By AMANDA VINCENT
Marvin Panch, former driver in NASCAR’s premier series, died Dec. 31, 2015, at the age of 89, according to a post on a Facebook page about Panch, maintained by his family.
Panch won 17 races at NASCAR’s top level, including the 1961 Daytona 500. During his NASCAR career he drove for Smokey Yunick and teams including Wood Brothers Racing and Petty Enterprises. He claimed his victory of the 1961 Daytona 500 while driving for Yunick. Nearly half his wins, though, came while driving for Wood Brothers Racing. His final win came in 1966 in Charlotte, N.C., as he won the World 600, NASCAR’s longest yearly race, from behind the wheel of a Petty Enterprises entry.
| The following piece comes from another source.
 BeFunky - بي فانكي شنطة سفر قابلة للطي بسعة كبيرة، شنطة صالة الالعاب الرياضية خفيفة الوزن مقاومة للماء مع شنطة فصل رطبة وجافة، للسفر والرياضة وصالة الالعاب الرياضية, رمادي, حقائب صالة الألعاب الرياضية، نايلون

NASCAR released the following statement:
“For more than 60 years, Marvin Panch was a familiar and friendly face around NASCAR and Daytona Beach. He was one of the true pioneers of the sport, winning races across several NASCAR divisions, including the 1961 Daytona 500. As one of NASCAR’s 50 Greatest Drivers, he represented the sport with class, both on and off the track. Marvin will be missed dearly, especially as we approach Speedweeks at Daytona International Speedway, where he was a fixture.”
Daytona (Fla.) International Speedway also released a statement on Thursday.
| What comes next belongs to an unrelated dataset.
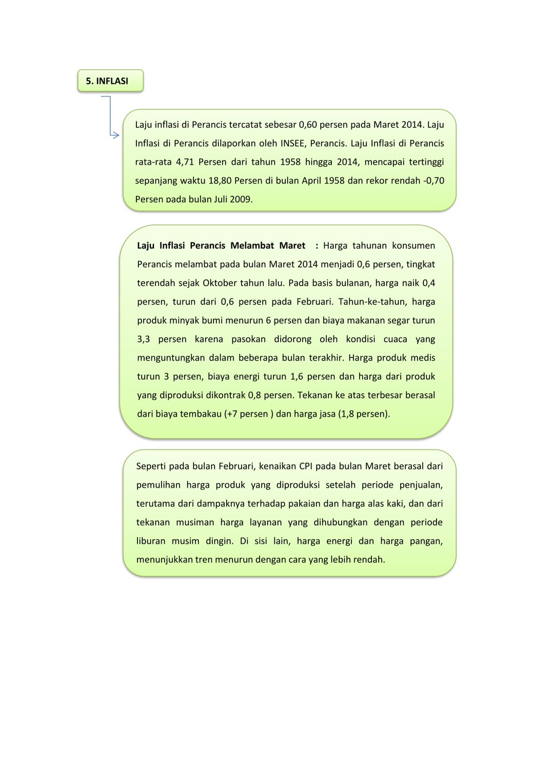 Perancis tercatat sebesar 0,60 persen pada Maret 2014. Laju Inflasi di Perancis

“Marvin was a tremendous competitor in the sport with a memorable career,” the statement read. “He had a home in Daytona Beach and was a frequent visitor to Daytona International Speedway. We extend our sincere condolences to Marvin’s family and friends. We will miss him dearly.”
Panch was active as a driver in NASCAR premier series competition between 1961 and 1966. In 1998, he was named among NASCAR’s 50 Greatest Drivers, a list compiled to celebrate the sanctioning body’s 50th anniversary. He was inducted into the West Coast Stock Car Hall of Fame in 2002 and into the National Motorsports Press Association Hall of Fame in 1987.
Panch was a native of Menomonie, Wis. After his retirement from NASCAR competition, he lived in the Daytona Beach, Fla., area, and and was resident of Port Orange, Fla., at the time of his death.